Give the records below again exactly, and exclude each picture.

[Stored dataset items]
- - -

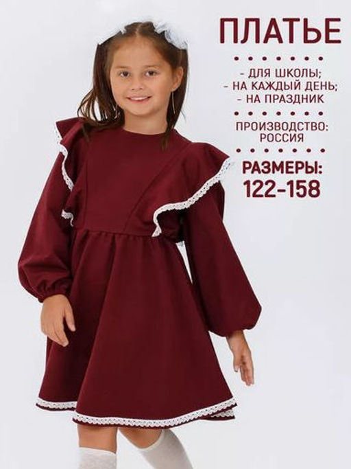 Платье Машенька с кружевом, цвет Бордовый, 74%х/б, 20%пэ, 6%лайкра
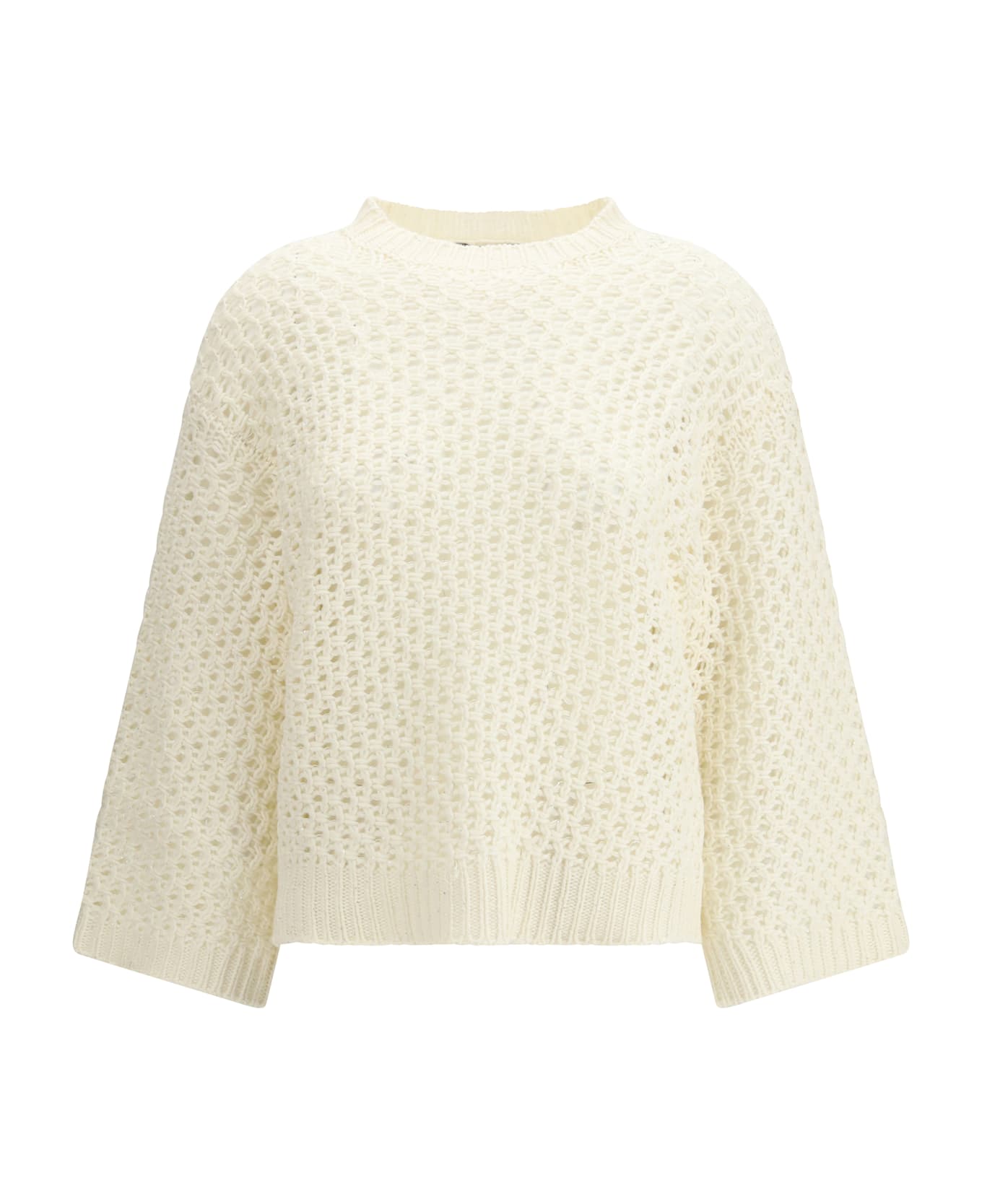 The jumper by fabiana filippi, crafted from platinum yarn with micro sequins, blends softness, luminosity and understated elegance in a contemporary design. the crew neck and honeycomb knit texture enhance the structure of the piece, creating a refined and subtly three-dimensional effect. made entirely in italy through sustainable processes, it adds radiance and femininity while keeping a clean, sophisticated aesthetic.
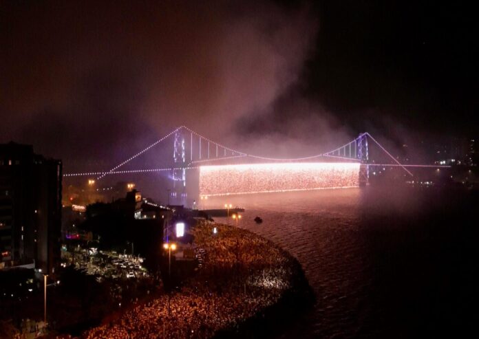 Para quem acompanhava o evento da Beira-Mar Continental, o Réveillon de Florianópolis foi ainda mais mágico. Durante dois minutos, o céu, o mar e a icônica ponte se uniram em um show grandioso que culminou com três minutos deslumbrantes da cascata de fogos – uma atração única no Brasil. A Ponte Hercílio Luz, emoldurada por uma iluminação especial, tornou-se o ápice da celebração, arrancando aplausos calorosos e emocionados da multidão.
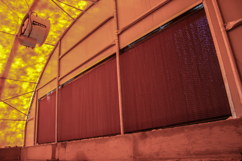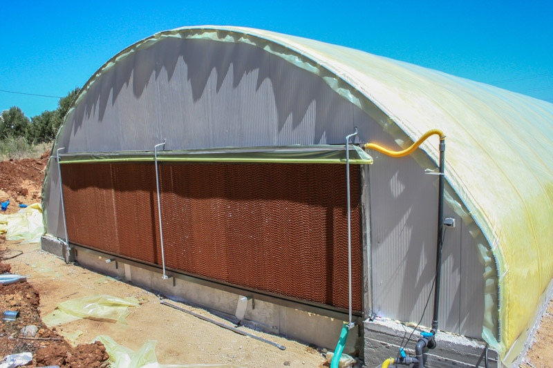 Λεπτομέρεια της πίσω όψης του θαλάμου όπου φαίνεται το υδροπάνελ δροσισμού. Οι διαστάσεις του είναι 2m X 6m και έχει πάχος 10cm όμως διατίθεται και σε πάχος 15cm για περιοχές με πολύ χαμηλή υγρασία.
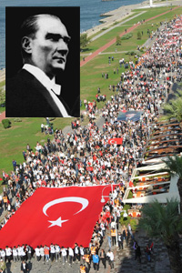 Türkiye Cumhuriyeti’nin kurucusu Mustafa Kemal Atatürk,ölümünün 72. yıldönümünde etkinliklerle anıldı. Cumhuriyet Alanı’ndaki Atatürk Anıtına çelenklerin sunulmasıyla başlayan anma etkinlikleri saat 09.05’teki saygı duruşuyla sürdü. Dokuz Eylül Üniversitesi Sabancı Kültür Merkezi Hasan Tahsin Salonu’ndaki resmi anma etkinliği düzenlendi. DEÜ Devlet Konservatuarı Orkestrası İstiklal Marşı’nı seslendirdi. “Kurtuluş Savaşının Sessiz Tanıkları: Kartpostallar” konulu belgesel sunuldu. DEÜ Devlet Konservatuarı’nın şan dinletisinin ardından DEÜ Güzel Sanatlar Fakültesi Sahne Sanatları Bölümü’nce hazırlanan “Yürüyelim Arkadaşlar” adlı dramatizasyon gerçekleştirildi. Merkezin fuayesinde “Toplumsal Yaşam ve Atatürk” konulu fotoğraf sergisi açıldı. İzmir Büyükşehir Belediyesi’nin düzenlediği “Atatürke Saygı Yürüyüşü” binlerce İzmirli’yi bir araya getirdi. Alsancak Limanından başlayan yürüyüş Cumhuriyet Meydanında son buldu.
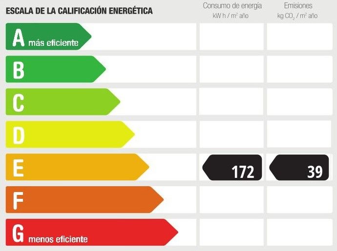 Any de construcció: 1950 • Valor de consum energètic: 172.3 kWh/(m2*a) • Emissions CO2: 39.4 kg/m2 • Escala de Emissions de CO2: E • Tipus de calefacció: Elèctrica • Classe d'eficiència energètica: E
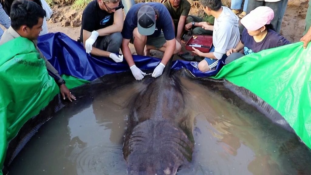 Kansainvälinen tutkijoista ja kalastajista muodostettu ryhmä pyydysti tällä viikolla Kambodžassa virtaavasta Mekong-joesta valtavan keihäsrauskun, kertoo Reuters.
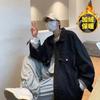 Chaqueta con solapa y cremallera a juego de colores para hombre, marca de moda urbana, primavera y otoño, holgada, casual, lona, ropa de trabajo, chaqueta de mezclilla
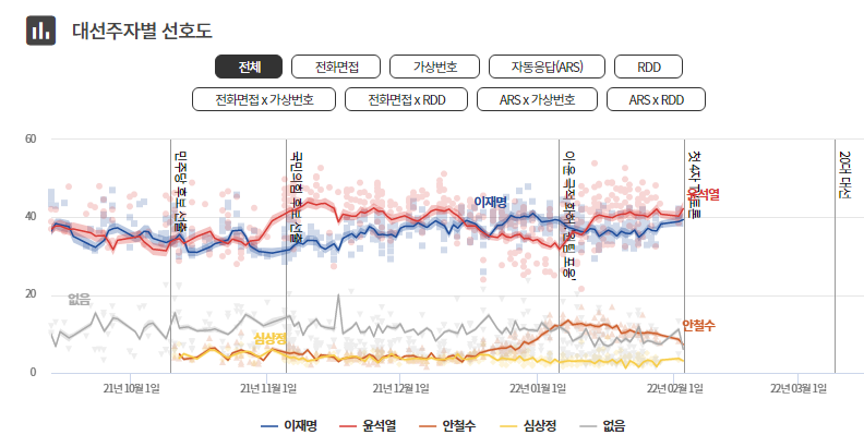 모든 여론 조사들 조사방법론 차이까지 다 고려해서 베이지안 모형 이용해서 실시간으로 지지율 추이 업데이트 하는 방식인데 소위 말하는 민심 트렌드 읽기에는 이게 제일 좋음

- - -

_Result for this exercise_
 Платье Машенька с кружевом, цвет Бордовый, 74%х/б, 20%пэ, 6%лайкра
 The jumper by fabiana filippi, crafted from platinum yarn with micro sequins, blends softness, luminosity and understated elegance in a contemporary design. the crew neck and honeycomb knit texture enhance the structure of the piece, creating a refined and subtly three-dimensional effect. made entirely in italy through sustainable processes, it adds radiance and femininity while keeping a clean, sophisticated aesthetic.
 Para quem acompanhava o evento da Beira-Mar Continental, o Réveillon de Florianópolis foi ainda mais mágico. Durante dois minutos, o céu, o mar e a icônica ponte se uniram em um show grandioso que culminou com três minutos deslumbrantes da cascata de fogos – uma atração única no Brasil. A Ponte Hercílio Luz, emoldurada por uma iluminação especial, tornou-se o ápice da celebração, arrancando aplausos calorosos e emocionados da multidão.
 Λεπτομέρεια της πίσω όψης του θαλάμου όπου φαίνεται το υδροπάνελ δροσισμού. Οι διαστάσεις του είναι 2m X 6m και έχει πάχος 10cm όμως διατίθεται και σε πάχος 15cm για περιοχές με πολύ χαμηλή υγρασία.
 Türkiye Cumhuriyeti’nin kurucusu Mustafa Kemal Atatürk,ölümünün 72. yıldönümünde etkinliklerle anıldı. Cumhuriyet Alanı’ndaki Atatürk Anıtına çelenklerin sunulmasıyla başlayan anma etkinlikleri saat 09.05’teki saygı duruşuyla sürdü. Dokuz Eylül Üniversitesi Sabancı Kültür Merkezi Hasan Tahsin Salonu’ndaki resmi anma etkinliği düzenlendi. DEÜ Devlet Konservatuarı Orkestrası İstiklal Marşı’nı seslendirdi. “Kurtuluş Savaşının Sessiz Tanıkları: Kartpostallar” konulu belgesel sunuldu. DEÜ Devlet Konservatuarı’nın şan dinletisinin ardından DEÜ Güzel Sanatlar Fakültesi Sahne Sanatları Bölümü’nce hazırlanan “Yürüyelim Arkadaşlar” adlı dramatizasyon gerçekleştirildi. Merkezin fuayesinde “Toplumsal Yaşam ve Atatürk” konulu fotoğraf sergisi açıldı. İzmir Büyükşehir Belediyesi’nin düzenlediği “Atatürke Saygı Yürüyüşü” binlerce İzmirli’yi bir araya getirdi. Alsancak Limanından başlayan yürüyüş Cumhuriyet Meydanında son buldu.
 Any de construcció: 1950 • Valor de consum energètic: 172.3 kWh/(m2*a) • Emissions CO2: 39.4 kg/m2 • Escala de Emissions de CO2: E • Tipus de calefacció: Elèctrica • Classe d'eficiència energètica: E
 Kansainvälinen tutkijoista ja kalastajista muodostettu ryhmä pyydysti tällä viikolla Kambodžassa virtaavasta Mekong-joesta valtavan keihäsrauskun, kertoo Reuters.
 Chaqueta con solapa y cremallera a juego de colores para hombre, marca de moda urbana, primavera y otoño, holgada, casual, lona, ropa de trabajo, chaqueta de mezclilla
 모든 여론 조사들 조사방법론 차이까지 다 고려해서 베이지안 모형 이용해서 실시간으로 지지율 추이 업데이트 하는 방식인데 소위 말하는 민심 트렌드 읽기에는 이게 제일 좋음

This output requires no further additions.